All true, and I wouldn't have argued for religious protection of my tattoos (!!!) if it happened to me, or advised that argument if I had been a lawyer and it happened to a client. She had proven her ability to do the job and I don't believe employers should be permitted to add that kind of requirement on their existing employees who were hired under more lenient terms. No need for the "wrongful discrimination" angle; it was simpler dishonesty. The common term is "bait and switch."

Locrian_Lyric
Locrian_Lyric

Disfigurement due to birth defect of calamity are other situations. Refusing to hire a burn victem is different than refusing to hire someone with blue hair, 97 piercings and a tatoo on their left cheek.

Locrian_Lyric
Locrian_Lyric

For someone who hates to be painted with a broad brush, her own could cover a barn in a single stroke. My wife came from a very small town in CO, population under 1000 and 2.5 hours away from the nearest hospital, and is far more accepting of people than this twit who would degrade her.

strangerinastrangeland
strangerinastrangeland

but did i say something that you felt entitled you to respond with name-calling and insults? i never said employers can't select people who fit their company culture. i am pretty much an expert in what makes someone hireable, having 20+ years experience placing all kinds of people into all kinds of companies, very successfully, and that requires understanding corporate cultures and fit. i will tell you that rudeness, however, is an immediate deal-breaker in all companies, regardless of their culture.

Absolutely
Absolutely

[i]Off point: redouble or more; whatever it takes -- excel completely out of the park.

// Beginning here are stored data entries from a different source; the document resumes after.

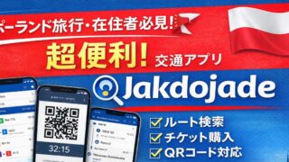 ポーランド旅行・在住者必須アプリ「Jakdojade」の使い方を徹底解説。ルート検索・チケット購入・QRコード表示まで画像付きでわかりやすく紹介。ワルシャワ空港から市内移動もこれ1つで安心!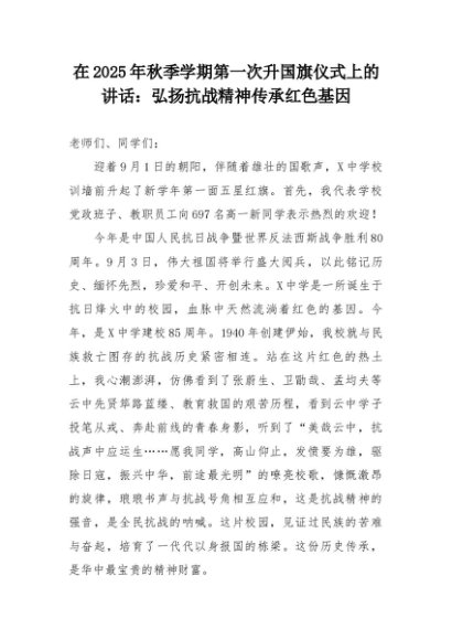 【七哥公文】2025年:在2025年秋季学期第一次升国旗仪式上的讲话:弘扬抗战精神传承红色基因+更多免费公文+VX:QiGeGongWen2024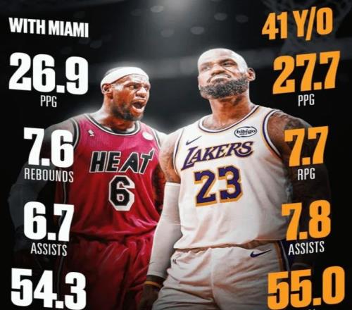 自從41歲生日夜以來,詹姆斯場均可以轟下 27.7分、7.7個籃板和7.8次助攻,投籃命中率高達55.0%,這一數(shù)據(jù)甚至超過了他熱火時期的巔峰表現(xiàn);他連續(xù)9場比賽得分超過20分,創(chuàng)造了40歲后NBA歷史最長連續(xù)得分20+紀錄;41歲場均得分榜,詹姆斯同樣以22.6分排名歷史第一。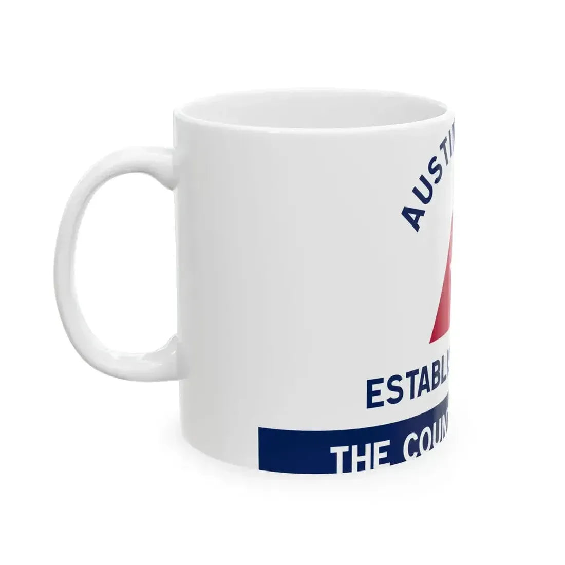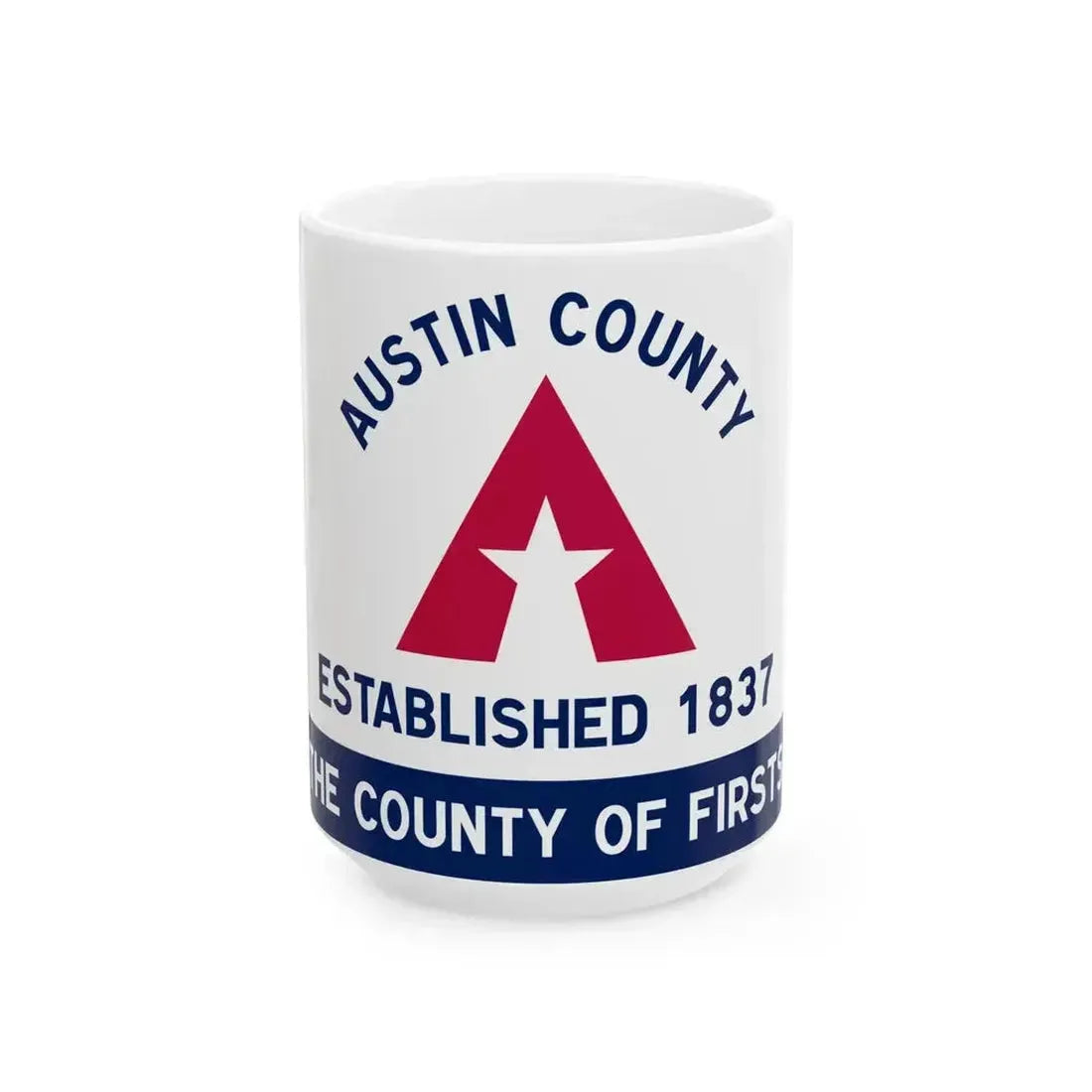 Displaying the Flag of Austin County on a daily basis adds a touch of regional pride to your routine. Whether you're enjoying your morning coffee at home or sipping on a beverage at work, this mug serves as a conversation starter and a symbol of your appreciation for the Lone Star State. This design makes an excellent gift for anyone who cherishes Texas history or Austin County's distinct identity.
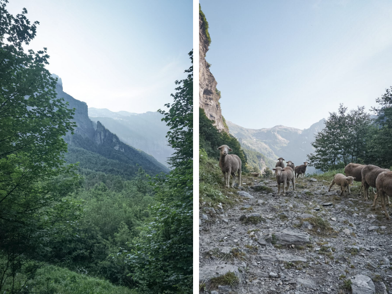 Het landschap wordt compleet gemaakt door een kudde van minstens honderd schapen die midden op het pad langzaam ontwaken in het zachte ochtendlicht. Het geluid van bulderende watervallen echoot tussen de wanden, afgewisseld met het geblaat van zeker tweehonderd schapen die het wandelpad versperren. Het is vroeg, en ik ben nog geen andere wandelaars tegengekomen. De zon verschuilt zich nog net achter de oostflank, maar hier en daar pieken haar stralen al over de bergkam. Het belooft een prachtige dag te worden.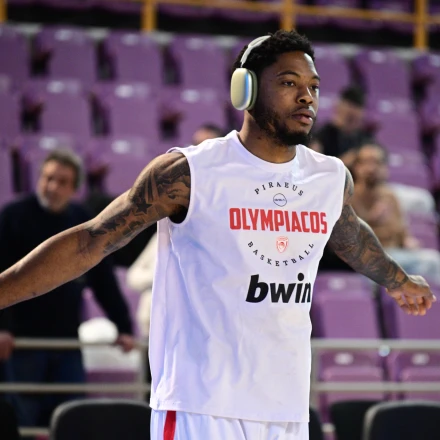 Ο Ταϊρίκ Τζόουνς στο ζέσταμα στον τελικό με τον Παναθηναϊκό / πηγή:eurokinissi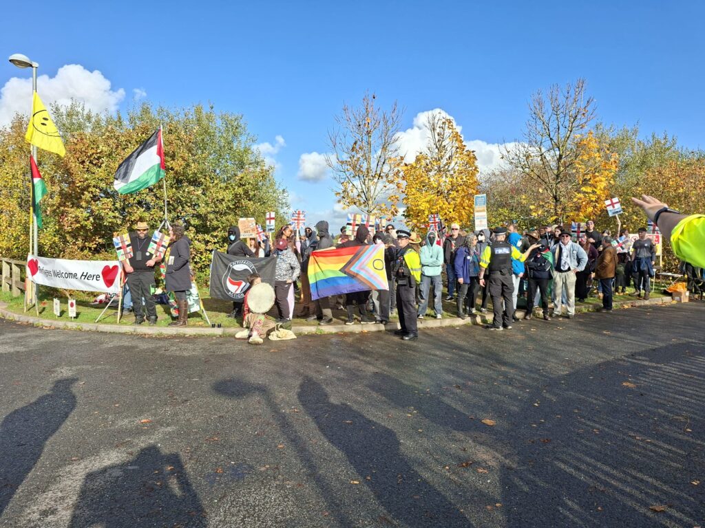 In the hotel near Exeter airport today 90 anti racists faced off against 13 demoralised Britain First members and hangers on. We had significant numbers of staff from Exeter university and Prospect union members from the Met office. Another group of SUTR supporters leafleted Exeter high street at the same time for our big counter demo on the 22nd of November.

Leave the game below.[/i] Some people have tattoos and do exactly that, around over and through all the nonsense we see here. Wow!

santeewelding
santeewelding

Subtle thinking. On point, too. Off point: redouble or more; whatever it takes -- excel completely out of the park. Leave the game below.

Absolutely
Absolutely

[i]An employer has their freedom to decide what image they wish to project. You have the right to follow their wishes or move to the next employer, or start your own business. THAT is your freedom, and it is NOT allowed to infringe on the freedoms of anyone else. [/i] That all looks good to me. [i]Look how ever you wish, it won't bother us. Of course we won't shed a tear when you have to work at the local burger shack because you are not hireable.[/i] The assumption that solely on the basis of appearance a person can be classified "not hireable" is what I consider sad. True, but sad. Knowing that a game is fixed in one's favor tends to undermine the sense of accomplishment that can be derived from "success."

jdclyde
jdclyde

or did you mean to reply to someone else? I don't think anyone here has implied looking ANY way implies talent or not.

Absolutely
Absolutely

It might be more closely correlated to income; that's sad too.